Published online by Cambridge University Press: 22 September 2009
This work is a study of economies and trade routes, of merchants and their capital in Mughul India, Safavid Iran, Uzbek Turan and Muscovite Russia. It is, more particularly, a study of the characteristics and significance of the Mughul-Indian trade diaspora in Iran, Turan and Russia. The underlying purpose of the work is to use new evidence and employ a new perspective to amend radically the persistent Eurocentric bias that continues to characterize most research on Eurasian trade in the sixteenth, seventeenth and eighteenth centuries.
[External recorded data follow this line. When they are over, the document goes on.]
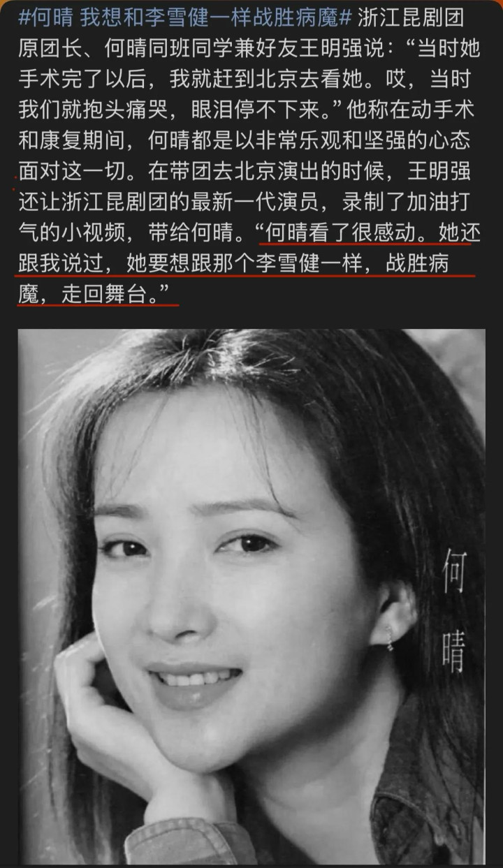 但是在肿瘤复发扩散后,何晴的话语智商几近丧失、还因中风步履未便。
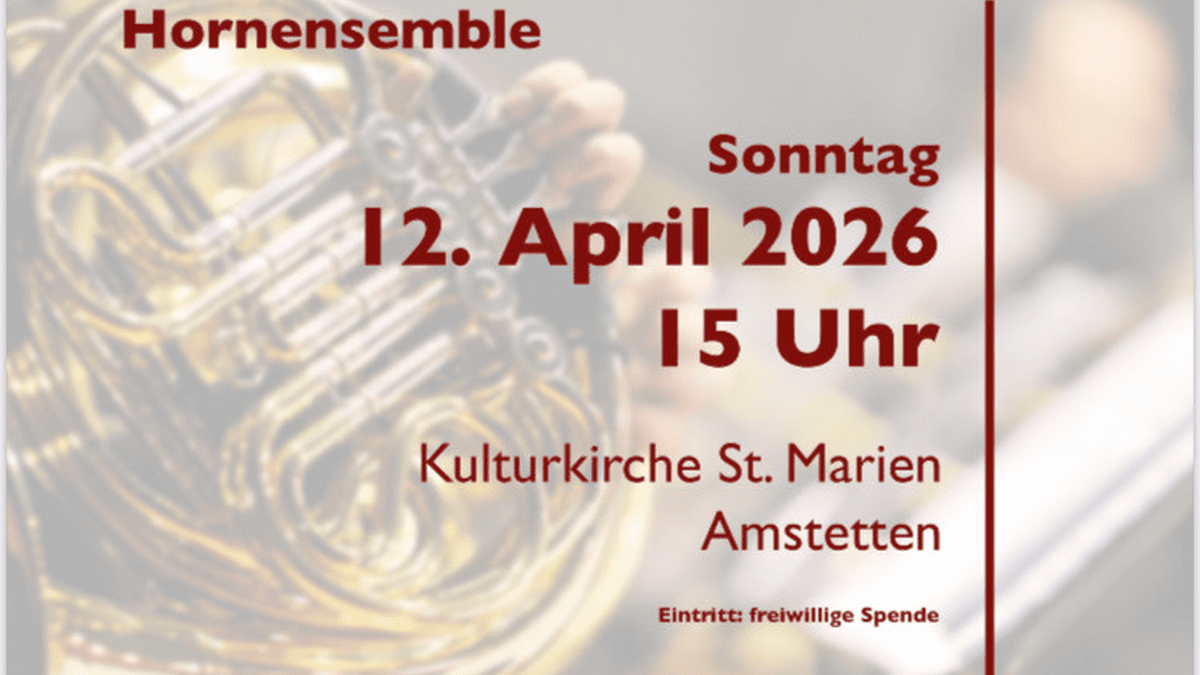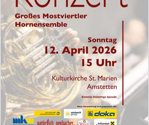 Das Mostviertler Hornensemble ist als Gemeinschaftsprojekt der umliegenden Musikschulen mittlerweile zum Fixpunkt für Hornbegeisterte aller Altersstufen geworden. Am frühen Nachmittag des 12. April 2026 wird dem Horn ein Konzert mit einem überaus bunten Programm gewidmet, welches die Vielfalt und Klangschönheit des Instruments in den Mittelpunkt stellt.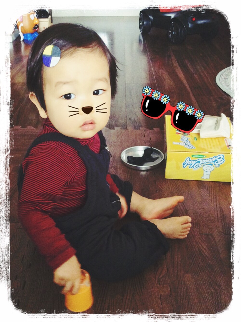 息子ですが…(笑) 0歳の時にノリで買ったパッチんピンを最近たまたまお家で付けてみてたので。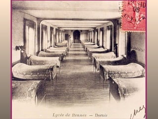 Este documento resume la historia de 500 años de educación en el mismo sitio del Instituto y Colegio Emile-Zola en Rennes, Francia. Se construyó originalmente como el Colegio municipal y real en 1536 y ha tenido varios nombres a lo largo de los siglos, incluido el Colegio de los Jesuitas. Ha albergado a varios alumnos notables como Chateaubriand, Ginguené y Paul Ricoeur. El documento también describe eventos históricos como el segundo juicio de Dreyfus que ocurrió allí y

A remarkable number of articles and books have been published on this commerce in the last two decades, and many have focused on India, but nearly all of them have been primarily concerned with aspects of European maritime expansion. Two prevalent assumptions of this historiography have been that Indian commerce with its neighboring territories was comparatively insignificant when measured against European trade, and that Indian merchants themselves, to the extent that they ever had been involved in this trade in the first place, were by the seventeenth century in full-scale retreat in the face of European competition. As far as Mughul India's trade with Iran, Turan and Russia was concerned, these assumptions are incorrect.
I began this study in order to correct this erroneous, one-sided view of Eurasian commerce by examining the role of large numbers of merchants from Mughul India who lived semi-permanently and conducted business in Iran, Turan and Russia in the seventeenth and eighteenth century.